The four most common subtitle formats are SRT, VTT, ASS, and SSA. Use SRT for maximum compatibility (YouTube, TikTok, Vimeo, most players), VTT for web and HTML5 video, and ASS or SSA when you need advanced styling like custom fonts, colors, positioning, and karaoke effects. For roughly 90% of everyday use cases, SRT is the right choice — it is plain text, universally supported, and easy to edit. You only need the more complex formats when styling and precise on-screen control matter.
Subtitles are no longer a nice-to-have. Around 85% of social media videos are watched without sound, and viewers are 80% more likely to watch an entire video when it includes captions.

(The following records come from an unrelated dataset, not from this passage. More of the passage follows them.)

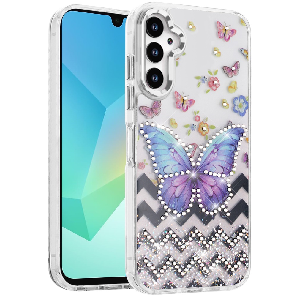 For Samsung A16 5G Resin Epoxy Design Diamond Metal Edged Hybrid Case - A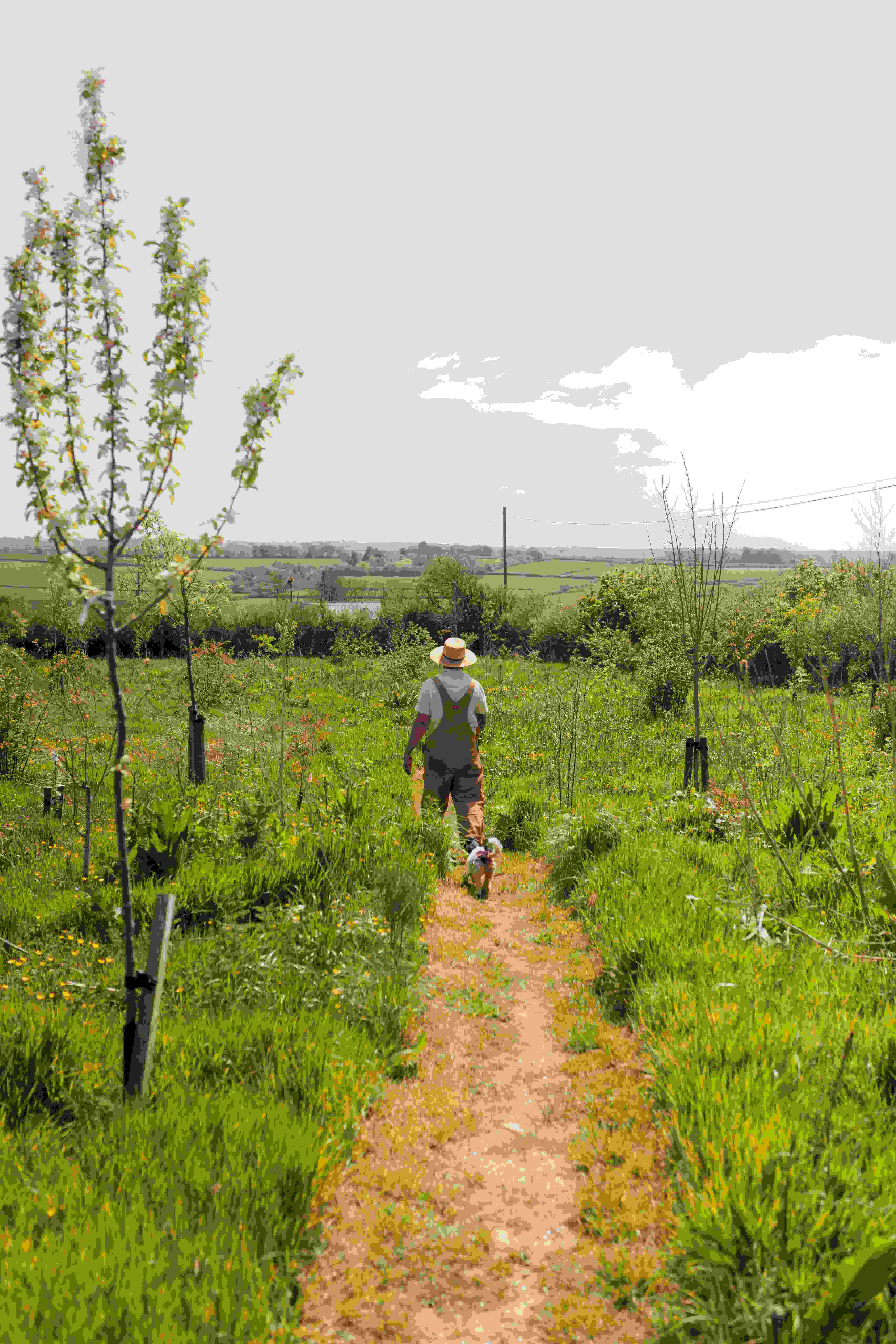 We are trialling several different perennial systems here on the farm, including a commercial Food Forest based on Wouter Van Eck’s work in the Netherlands, centred around efficient picking at a commercial scale, a less formal edible forest garden based on Martin Crawford’s work in South Devon, and several different iterations of Syntropic Agriculture-inspired systems working to translate the ideas of Ernst Gotsch, but also to match the philosophy of Natural Farming to our temperate climate.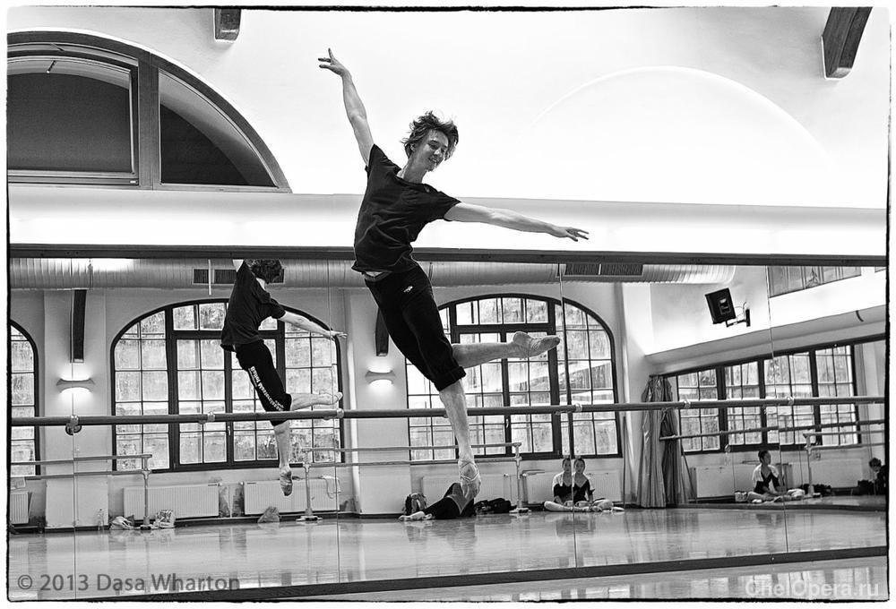 Тренируемся каждый раз по-разному. Бывает несколько недель подряд по четыре–пять балетов репетируешь в день. Самое худшее — с 10:30 до 18:30. Ты танцуешь Дон Кихота, потом перебегаешь в другую студию — и ты уже Ромео, потом Арман, ещё кто-то. Плюс перед этим обязательно урок-разминку сделать нужно — без него нельзя репетировать, можно травмироваться. Такая разминка для нас — как почистить зубы.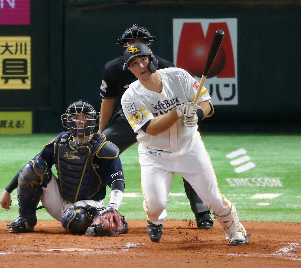7回の第4打席。オリックス・張の153キロ直球をはじき返し、中前に運んだ。待望の一打にベンチで喜ぶナインにガッポーズ。三塁の守備に向かうと、本拠地の鷹党から大きな拍手が送られ、照れくさそうにお辞儀した。
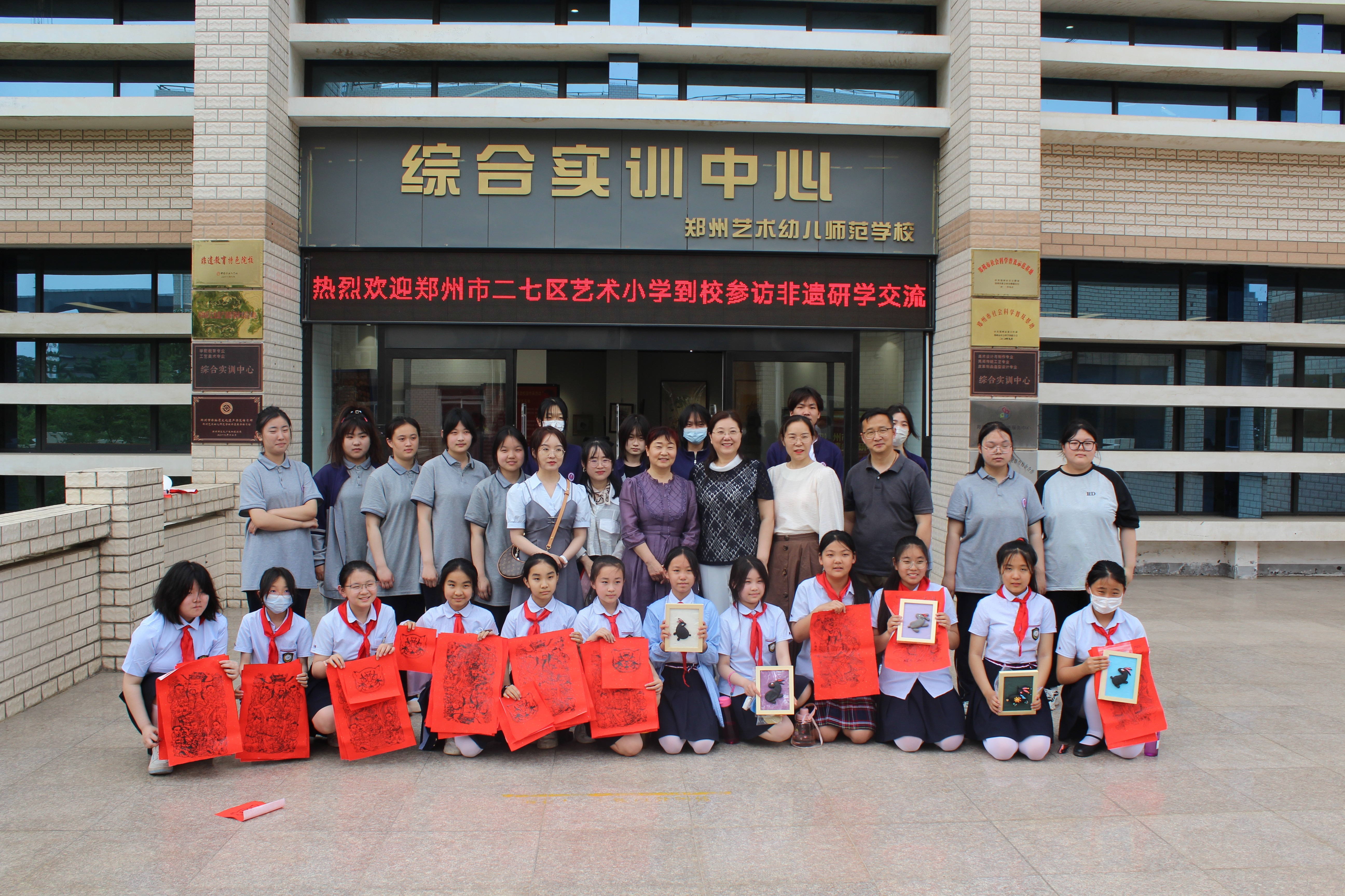 为传承非遗优秀文化,切实提升学生的民族自豪感和文化认同感,促进校际间交流提升,助力“双减”政策在校园落地见效,5月16日,郑州市二七区艺术小学师生来到郑州艺术幼儿师范学校非遗馆开展研学活动。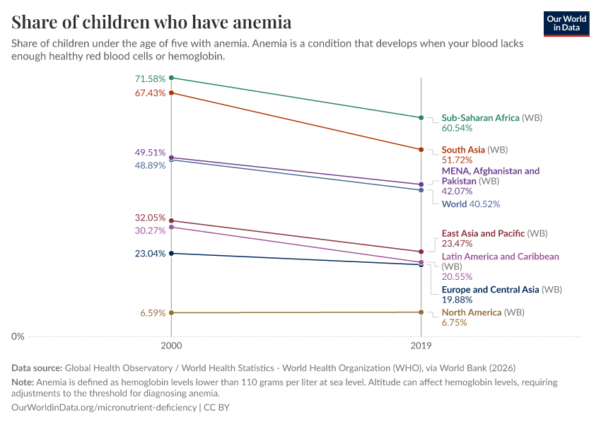 Reductions among children have been slightly more promising: the share of under-fives that are anemic dropped from 48% to 39% between 2000 and 2019.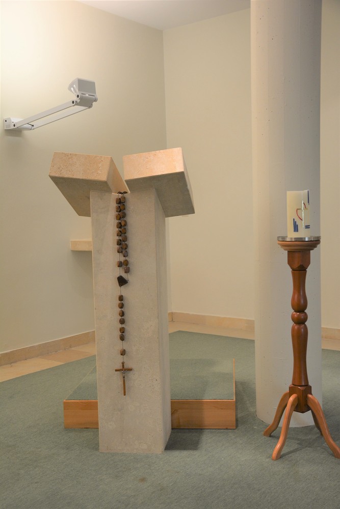 Die Hauskapelle ist immer als Andachtsraum für die Patienten offen. An jedem Mittwoch wird hier eine Hl. Messe zelebriert.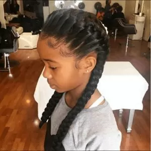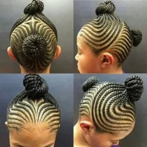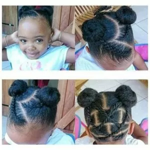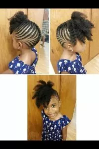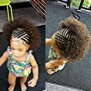 This is a really cute option if you don’t have time to braid all of your little one’s hair. Just cornrow the hair in the front and style the rest of the hair up into double buns.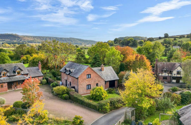 Outside, the property is approached via a large driveway offering ample parking, leading to an integral garage. The rear garden is a particular feature, offering a large decked terrace ideal for entertaining, together with lawns, mature trees, and well-stocked borders. The gardens back onto the private communal parkland extending to around four acres, with open countryside and the rolling Herefordshire hills beyond.

Subtitle adoption keeps climbing too: 70% of Gen Z say they use subtitles all or part of the time, even for content in their own language. Picking the right subtitle format is the difference between captions that work everywhere and a file that breaks on the platform you actually publish to.
This guide breaks down each format, when to use it, and how to generate the format you need in minutes — without manual timing or expensive software.
What Is a Subtitle Format, Exactly?
A subtitle format is just a text file structure that tells a media player three things: what text to show, when to show it, and (sometimes) how to style it. Every format stores the same core data — timed lines of dialogue — but they differ in how much extra information they can carry.
Think of it as a spectrum. On one end you have simple, plain-text formats that only store timing and text. On the other end you have rich formats that store fonts, colors, positions, and animations. More capability usually means less compatibility, so the "best" format always depends on where your video will play.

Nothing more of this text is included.